Figure 1. Signal sequence chimeras of PpCecA and PpαF.

A. Schematic representation of proteins derived from PpCecA and PpαF. Signal sequences (denoted Pre or P) are in light green and red respectively, whilst the purple region denotes an opsin epitope tag bearing one N-glycosylation site (OPG1). The OPG2 tag contains an additional four residues that includes a second N-glycosylation site, and both PpCecAOPG1 and PpCecAOPG2 are as previously described [16]. Numbers indicate first and last amino acids of each region, and asterisks indicate the approximate location of sites for N-linked glycosylation. The ability for each protein to exploit co- and post-translational translocation pathways, as deduced from the data shown in panels B and C, is indicated by a tick. B. The PpCecA signal sequence is not sufficient to enable efficient post-translational translocation of PpαF. The precursors indicated were synthesized in vitro using rabbit reticulocyte lysate and [³⁵S] methionine in either the presence of canine pancreatic microsomes (co) or prior to their addition (post). The membrane fraction was isolated by centrifugation and associated proteins analyzed by SDS-PAGE and phosphorimaging. The untranslocated (Pp), singly, doubly and triply N-glycosylated (1, 2, 3) and signal cleaved (p) forms of the precursors are indicated (see also Figs.
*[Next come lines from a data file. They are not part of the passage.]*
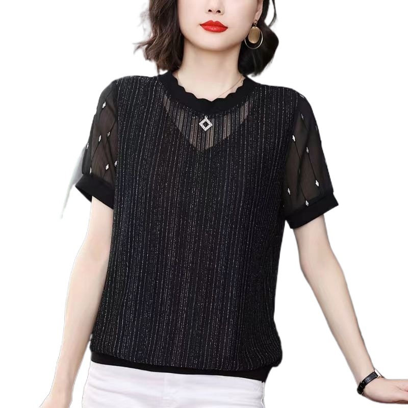 Middle-aged Mom’s Temperament Age-reducing Short-sleeved Lace Shirt Women’s Summer New Korean-style Loose Belly-covering Top Small Shirt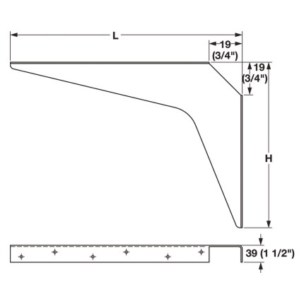 This Work Surface Brackets, Rigid, 8x12" (203x305mm) work station bracket from Hafele is designed for heavy duty jobs. This bracket is made from steel. This bracket features an 1/8" (3.175mm) thickness and over a 453.59 kg. (1000 lbs.) load capacity per pair. Larger sizes also feature cut outs for wire management. Pack includes 5 pairs.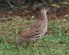 The largest African spurfowl,[7] Erckel's spurfowl is 38–43 cm (15–17 in) in length,[2] with females being slightly smaller than males.[8] Males grow to 1.05–1.59 kg (2.3–3.5 lb), based on a sample of three specimens, and a single female specimen was observed to weigh 1.136 kg (2.50 lb).[2] Males and females have similar plumage. The body is covered with stripes of chestnut-color, on its upperside and underside. It has a black face and bill, a chestnut-colored head top and back of neck, and yellow legs. It has white ear coverts and a single streak of white behind its eye.[8]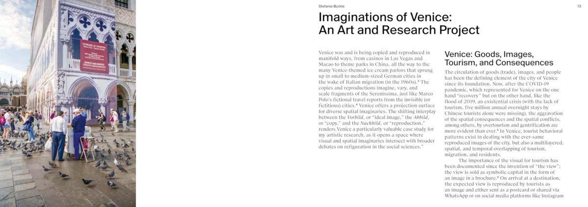 Venice exists not only as a place but as a circulating image-reproduced endlessly, mirrored across the globe, and embedded in cultural memory. For over 25 years, Stefanie Bürkle has photographed both the city and its replicas, exploring how Venice becomes a projection for spatial desire. Venice unfolds not as a single city but as a network of imaginations-reflected in fragments, fictions, and facades. This volume brings together analog and digital photographs from her long-term archive, accompanied by texts by Kristina Lovaas. Additionally, there is a fold-out map of Bürkle's Imagination of Venice atlas. The publication is part of the artistic research project Imaginations of Venice, within CRC 1265 Re-Figuration of Spaces, Technische Universität Berlin.

S1 and S2). The amount of post-translationally translocated material as a proportion of the total membrane associated material was quantified and is expressed relative to the proportion of material translocated under co-translational conditions (set to 100%). Results are given as means (±s.e) for n = 3. C. PpCecA can efficiently translocate post-translationally with the PpαF signal sequence. The precursors indicated were synthesized and the resulting data analyzed as described for B, with results given as means (±s.e) for n = 3.